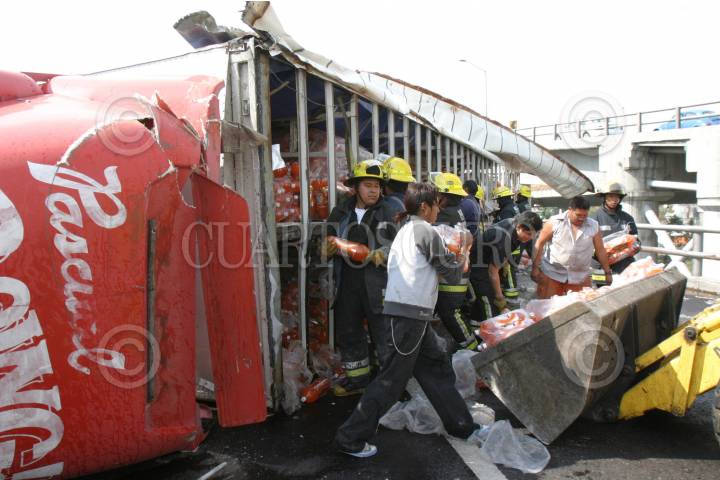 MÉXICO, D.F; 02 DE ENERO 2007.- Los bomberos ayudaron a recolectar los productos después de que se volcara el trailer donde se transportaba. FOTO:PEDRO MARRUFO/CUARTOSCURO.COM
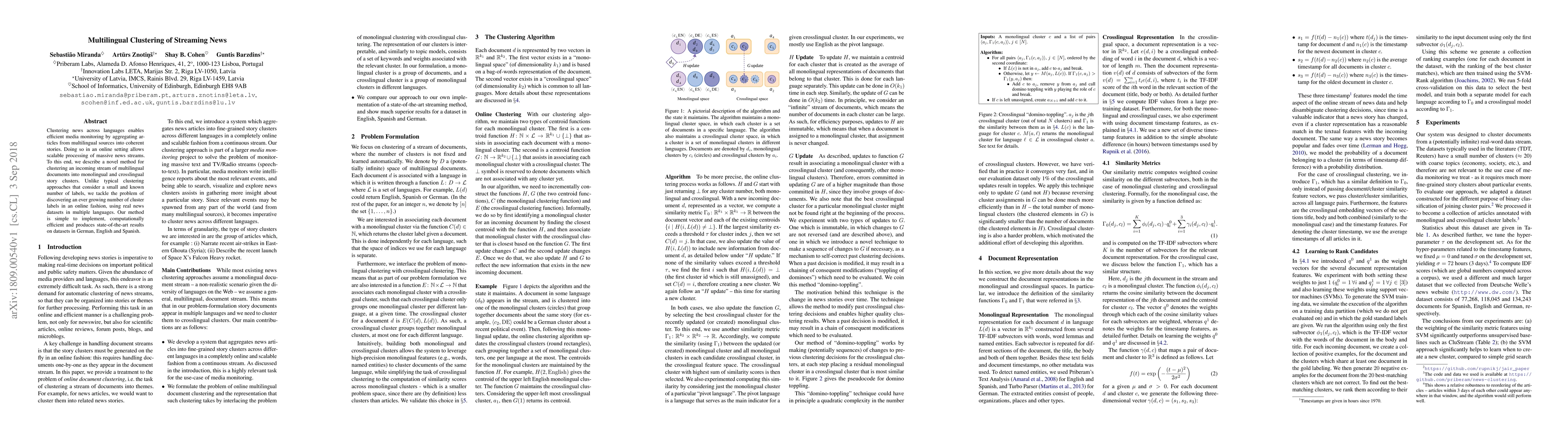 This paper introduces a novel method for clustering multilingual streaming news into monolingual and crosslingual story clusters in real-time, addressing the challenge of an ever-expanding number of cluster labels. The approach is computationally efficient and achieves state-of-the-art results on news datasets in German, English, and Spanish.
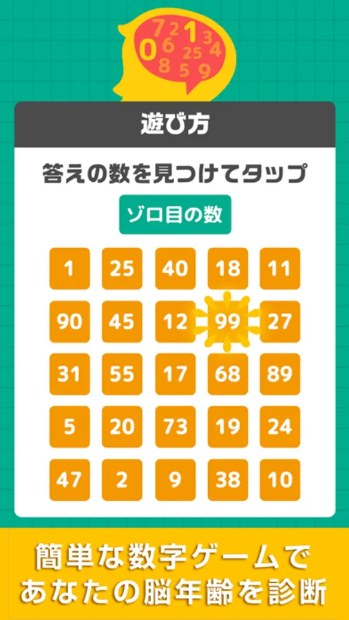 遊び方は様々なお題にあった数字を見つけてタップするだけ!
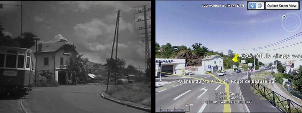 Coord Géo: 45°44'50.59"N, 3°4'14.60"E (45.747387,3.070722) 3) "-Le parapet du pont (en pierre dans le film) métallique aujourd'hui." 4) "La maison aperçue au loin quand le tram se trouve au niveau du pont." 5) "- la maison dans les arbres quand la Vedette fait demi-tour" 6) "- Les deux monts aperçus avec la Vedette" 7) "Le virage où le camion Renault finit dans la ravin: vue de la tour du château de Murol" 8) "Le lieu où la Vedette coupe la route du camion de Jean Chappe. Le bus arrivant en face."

**Assigned task**
Would you retype exactly the lines running from the line that contains "This paper introduces" through the end of the listing above, both included? Skip every picture.

**Result of the task**
 This paper introduces a novel method for clustering multilingual streaming news into monolingual and crosslingual story clusters in real-time, addressing the challenge of an ever-expanding number of cluster labels. The approach is computationally efficient and achieves state-of-the-art results on news datasets in German, English, and Spanish.
 遊び方は様々なお題にあった数字を見つけてタップするだけ!
 Coord Géo: 45°44'50.59"N, 3°4'14.60"E (45.747387,3.070722) 3) "-Le parapet du pont (en pierre dans le film) métallique aujourd'hui." 4) "La maison aperçue au loin quand le tram se trouve au niveau du pont." 5) "- la maison dans les arbres quand la Vedette fait demi-tour" 6) "- Les deux monts aperçus avec la Vedette" 7) "Le virage où le camion Renault finit dans la ravin: vue de la tour du château de Murol" 8) "Le lieu où la Vedette coupe la route du camion de Jean Chappe. Le bus arrivant en face."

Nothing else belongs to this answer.